Serf of the road


Today’s run (street): 3.7 miles

It was only 39 degrees outside, but it felt very much like winter this morning. I wore layers top and bottom and was comfortable throughout my entire run. Had I pushed harder, I probably would have overheated. I was in the city yesterday and covered 7 miles on foot. After that, and two moderately tough runs over the weekend, I kept my heart rate around 80% of max for today’s workout.

I’ve been reading a newly published book called, Kings of the Road, that’s about how Frank Shorter, Bill Rodgers and Alberto Salazar helped popularize competitive running in the ’70’s. As I ran today, I thought about my paces versus theirs.

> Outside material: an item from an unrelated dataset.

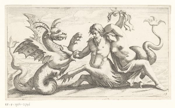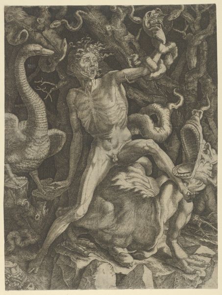 Editor: This engraving, "Hercules Killing the Lernean Hydra" from around 1528, depicts that famous scene. The density of line work creates a pretty dramatic image, but all those hydra heads jumbled together are a bit confusing to untangle at first glance. How do you interpret this work? Curator: The confusion is key, isn't it? The Hydra, multiple heads sprouting anew when severed, is an ancient symbol, deeply rooted in anxieties about unchecked proliferation. Think about the context: 1528. What's proliferating then? Perhaps religious schisms, the spread of new ideas enabled by the printing press itself. Editor: So, the Hydra isn't just a monster. It's a symbol of something larger going on at the time? Curator: Precisely. Hercules, hacking away, embodies the struggle to contain these anxieties. Consider his Herculean effort. Isn’t the act of endless battling a symbolic one, indicative of larger societal anxieties being grappled with through allegory? Also, look at the wild-haired figure and his muscular physique—he harkens back to the classical ideal. It becomes a story about imposing order on chaos, of classical values taming the monstrous unknown. Editor: It's fascinating how much cultural meaning is packed into one image. Curator: Visual symbols evolve, taking on new layers of meaning with each telling. The engraver isn’t just illustrating a myth; they are engaging in cultural memory, tapping into our collective understanding of good versus evil and of order against chaos. Editor: It completely shifts how I see the piece, I’m going to have to explore this symbology further. Curator: Exactly, by viewing and thinking we can explore. What have you learnt from the symbolic, metaphorical density when viewing this work?

In one part, one of these runners described his 4:45 pace at the Falmouth Road Race as “easy.”

I know that elite runners train so that they are able to sustain high speed over long distances. But how do they mentally prepare themselves to run sub-5:00 paces over 26.2 miles? For that matter, how do 7:00 or even 8:00 milers do it? Is running a half marathon in an hour as hard for Galen Rupp as breaking 2 hours is for me at the same distance? If these elites put everything they have into their races, why do they look so fresh after they cross the finish line?

Most people who compete in races push way past their comfort zone. All things being equal, a 4:45 pace, while impressive, is relative to the runner. I have my race targets and it’s always great when I meet or exceed them. There are many factors that determine performance on a given run, but lack of trying is rarely one of them.

7 thoughts on “Serf of the road

  1. All good questions. I wonder that since those are 'easy' paces for elites, really, they are only running a fraction of the time that we would run. It's probably not until the last 20 or 30 minutes when the 'real' race for them begins.


  2. Your point about elites running less time on the same distance is a good one. When I read about these people that casually toss off a 10 miler like it's nothing, I should remember that they're only running around the same time that I take to do 5 miles.I guess at the end of a race it's all out running no matter who you are. But why do those guys look so unscathed after they cross the line?


  3. TPP is right. Everyone thought the Bronx woman was going to win right up until Mile 24! Then Jeptoo hit the gas and took the lead. I also thought Meb would finish in the top 5! He wasn't even in the top 20 (He's still a king in my book, though).As far as their appearances at the end of the races. That's like superhero biology. They're barely sweating!


  4. I was very surprised when Jeptoo overtook Deba. I think she went out too fast : ( I felt bad for her.I like Meb too. I have a friend who shares the same sports orthopedist. She once chatted for a while with Meb in the waiting room. Even elites need to wait for the doctor!